Akhilesh Mishra writes: Budget resolves legacy issues, sets up Indian economy to drive global growth

Written by Akhilesh Mishra |
Updated: February 2, 2022 9:24:22 am
A man wearing a face mask as a precaution against the coronavirus carries boxes of toys at a market in Jammu, Friday, Jan. 21, 2022.(AP Photo/Channi Anand)

The budget for FY 2022-23 has been presented in unique circumstances. Read along with the Economic Survey, it offers a convincing case of its economic management. Legacy issues have been resolved and the stage set to make this India’s decade of growth. In an earlier speech, PM Narendra Modi referred to the 2020s as “techade”. It may also be the “growthade”.

Consider the structural legacy issues inherited from the UPA and how they have been resolved.

First, the chronic NPA problem. Solved. Gross and net NPA ratios are steadily declining. Second, low bank capitalisation was adversely affecting credit, thereby affecting investment. Solved. The capital-to-risk weighted ratio is now over 16.5 per cent from below 13 per cent in 2013-14. Third, the indirect taxation mess was hampering capital efficiency. Solved. GST has now stabilised, with over Rs 1.4 lakh crore collections in January 2022. Fourth, sluggish private sector investment. Solved. There has been record resource mobilisation through IPOs from a low of Rs 1,500 crore in 2013-14 to 1.04 lakh crore in 2021-22 (April-December). Fifth, stalled infrastructure creation. Solved. National highways doubled from 71,772 km in 2011 to 1,40,152 km in 2021. Operationalised airports doubled from 62 in 2016 to 130 in 2021. Sixth, stalled privatisation and disinvestment. Solved. The privatisation of Air India is now complete. Other sectors like space, IT-BPO, drones, coal mining and geospatial mapping have been deregulated.

The pandemic created its own problems. Yet, India today is the fastest-growing major economy in the world, with growth pegged at 9 per cent or above by most major financial institutions. Here is how the budget sets the agenda for the “growthade”.

First, by empowering the future industry. The taxation of virtual digital assets will bring them into the mainstream, making India a hub for the productive use of this resource. The drone industry, already opened to private enterprise, has been given a huge captive market by integrating it with agriculture. The battery interoperability protocol for electrical vehicles is potentially a game-changer as it resolves the conundrum of long charging times. The introduction of the government’s own digital currency, using blockchain, will further boost the digital economy.

The time frame for availing the 15 per cent tax rate for new manufacturing units being extended till 2024 and tax incentives for start-ups being extended by a year will give impetus to sectors that have flourished in the last few years and created jobs. With over 25 per cent spending reserved for private-sector R&D and over 68 per cent of the defence procurement budget reserved for domestic industry, the military-industrial complex is finally on its way in India.

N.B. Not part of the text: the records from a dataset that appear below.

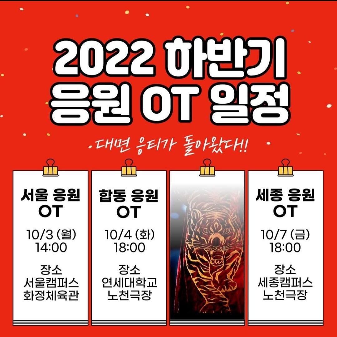 ※ 생생한 고려대학교 2022년 2학기 응원 OT 현장 후기는 포스팅 중간을 참고하시기 바랍니다.
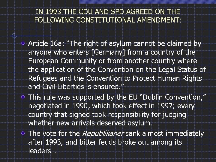 IN 1993 THE CDU AND SPD AGREED ON THE FOLLOWING CONSTITUTIONAL AMENDMENT: Article 16 a: “The right of asylum cannot be claimed by anyone who enters [Germany] from a country of the European Community or from another country where the application of the Convention on the Legal Status of Refugees and the Convention to Protect Human Rights and Civil Liberties is ensured. ” This rule was supported by the EU “Dublin Convention, ” negotiated in 1990, which took effect in 1997; every country that signed took responsibility for judging whether new arrivals deserved asylum. The vote for the Republikaner sank almost immediately after 1993, and bitter feuds broke out among its leaders…
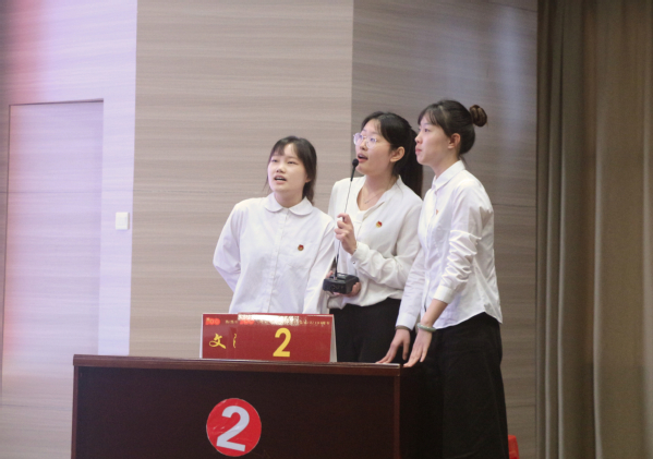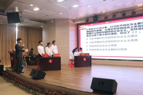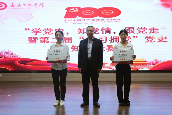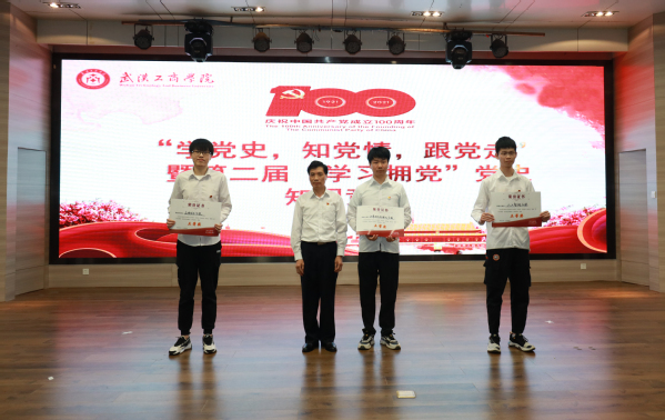 新闻中心讯(记者 崔颖 汪旸)为贯彻落实习近平总书记在党史学习教育动员大会上的重要讲话精神,激发全校师生爱党爱国的热情,5月20日14:30,武汉工商学院在学术报告厅举办“学党史、知党情、跟党走”党史知识竞赛总决赛。学校党委副书记左宗文、学工部部长陈义文、思政课部教授张玉平、图书馆馆长万化喜、公共课部党总支书记朱威、党群工作部副部长王曼、团委书记邱玉添及各学院党总支书记、分团委书记、学生代表参加本次比赛。经过三轮激烈角逐,文法学院代表队最终夺得大赛一等奖。
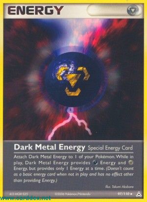 Beschreibung: Lege Finstere Metall-Energie an 1 deiner Pokémon an. Während Finstere Metall-Energie im Spiel ist, liefert diese Karte - und -Energie, aber immer nur 1 Energie auf einmal. (Zählt nicht als Basis-Energiekarte, wenn sie nicht im Spiel ist und hat keinen Effekt, außer dass sie Energie spendet.)

Second, empowering the 80 per cent to empower India. The hugely successful ECLGS scheme, which provides credit to the MSME sector, has been extended by another year with an overall outlay of Rs 5 lakh crore, and Rs 50,000 crore is reserved for just the hospitality sector. With over Rs 2.7 lakh crore budgeted for direct benefits transfer to farmers as MSP, the rural economy will continue to be infused with cash. The huge increase in capex and infrastructure spends, especially in rural areas — such as the Rs 48,000 crore for housing and Rs 60,000 crore for household tap water — will create a virtuous cycle of jobs, consumption and growth in the rural sector.

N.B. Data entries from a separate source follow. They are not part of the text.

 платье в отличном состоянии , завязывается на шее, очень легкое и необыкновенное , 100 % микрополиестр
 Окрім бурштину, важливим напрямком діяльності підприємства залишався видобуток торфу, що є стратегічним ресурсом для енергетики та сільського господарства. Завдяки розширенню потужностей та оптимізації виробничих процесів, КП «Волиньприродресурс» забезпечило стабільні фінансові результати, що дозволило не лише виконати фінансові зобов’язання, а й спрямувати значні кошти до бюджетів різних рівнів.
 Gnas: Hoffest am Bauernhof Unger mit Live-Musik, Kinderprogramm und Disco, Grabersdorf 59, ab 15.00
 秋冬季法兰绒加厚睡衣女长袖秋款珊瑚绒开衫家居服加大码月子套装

Third, a cycle of investment, which creates jobs that generate higher incomes, inducing greater consumption and driving higher growth, thereby fueling more investment. All the enhanced investment is in productive assets, and they create jobs across the skills value chain: Unskilled to semi-skilled jobs in rural areas through PMGSY and housing (over 80 lakh houses) and tap water connectivity (over Rs 1 lakh crore), semi-skilled jobs through Gati Shakti and national highway construction (25,000 km), skilled jobs in manufacturing sector, highly skilled top-end jobs in startups and high-end tech jobs in the defence manufacturing industry. The PLI schemes will generate over 60 lakh jobs and over Rs 30 lakh crore of new production.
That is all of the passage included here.